Elissa Underwood ’01 of Colonia, NJ (District 2c) investigated the ongoing planning dynamics for two cities, Newark, NJ and Boston, and three planned communities:Radburn, NJ (1910s), Columbia, MD (1960s) and New Kentlands, MD (late 1980s), a neotraditional community of clearly defined neighborhoods around a vibrant town center that was designed by Andres Duany and Elizabeth Plater-Zyberk. Through her interviews with planners and visits to each site, Underwood found that both cities and planned communities deal with challenges by "altering original goals and making way for new definitions and models that will keep their plans functional and user-friendly in the fast-paced society in which we live today."

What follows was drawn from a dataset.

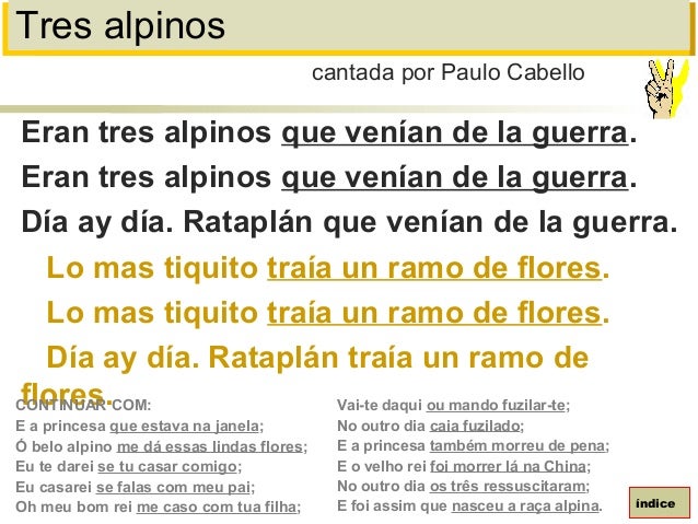 101. 101. Tres alpinosEran tres alpinos que venían de la guerra.Eran tres alpinos que venían de la guerra.Día ay día. Rataplán que venían de la guerra.Lo mas tiquito traía un ramo de flores.Lo mas tiquito traía un ramo de flores.Día ay día. Rataplán traía un ramo deflores.cantada por Paulo CabelloíndiceCONTINUAR COM:E a princesa que estava na janela;Ó belo alpino me dá essas lindas flores;Eu te darei se tu casar comigo;Eu casarei se falas com meu pai;Oh meu bom rei me caso com tua filha;Vai-te daqui ou mando fuzilar-te;No outro dia caia fuzilado;E a princesa também morreu de pena;E o velho rei foi morrer lá na China;No outro dia os três ressuscitaram;E foi assim que nasceu a raça alpina.

Cecilia Qiros Cañiza ’01 of Makati, the Philippines (District 11), struggled with moral issues of land ownership at a time when reallocation of large estates to tenant farmers is increasingly giving way to lucrative development schemes. In a journal of photos and essays, LUPA (Tagalog for "land"), Cañiza, a double major in Spanish and comparative literature, reflects on the history of agrarian reform in the Phili-ppines, her privileged background and memories of a bucolic landscape, and the thoughts of the farmers she interviewed. Saddened that the watering hole, rice and sugarcane fields where she played as a child are now part of a golf course, she came to realize that her recollections depended on the work of tenant farmers themselves, who took a more more philosophical view of development and considered the cash settlements they received their only option. "Land conversion simultaneously frustrates and calms me because land is changing, and so are people’s lives," she writes. "What Iremember also adapts to the times:a childhood still innocent, but not so comforting anymore."

What is ARS?
Through this program, revised in 1998, alumnae award stipends for independent study projects to sophomores from their geographical districts. The money for the awards comes from income generated by Regional Scholarship Funds that have been raised in each district for need-based financial aid; additional money comes from the Alumnae Association’s budget. The number of stipends each district may award is based on the amount of financial aid it has raised, although each district is guaranteed at least one award.

How are our awardees chosen?
Each February 1, shortly before the 5 p.m. deadline, approximately 10 percent of the sophomore class can be seen running to Wyndham with their applications in their hands. Those applications are then distributed to the home districts of the students and are duplicated and sent to the members of the district Alumnae Regional Scholarship Committee. The members rank the applications and write comments, which have proven helpful as feedback to the applicants and for the grant-writing workshops the following year.

What are the benefits of this program?
All sophomores are invited to apply and to attend grant-writing workshops specifically for this project and to develop the skills needed for writing grant proposals—forming and presenting a cogent and well-focused plan, developing a realistic budget, and requesting faculty or outside sponsorship in a timely fashion. Students have the opportunity afforded by their $2,000 grant to explore an area of interest—not necessarily academic—that they might not otherwise be able to do:One applicant this year mentioned that it sounded like a chance of a lifetime.

Alumnae become acquainted with current students at the College both on paper, in the project application process, and in person through mentoring contact, meeting Alumnae Regional Scholars either after their projects are completed, or as active and interested alumnae in later years. Current students have a chance to gain insight from their mentors and to enjoy and join the company of Bryn Mawr’s past.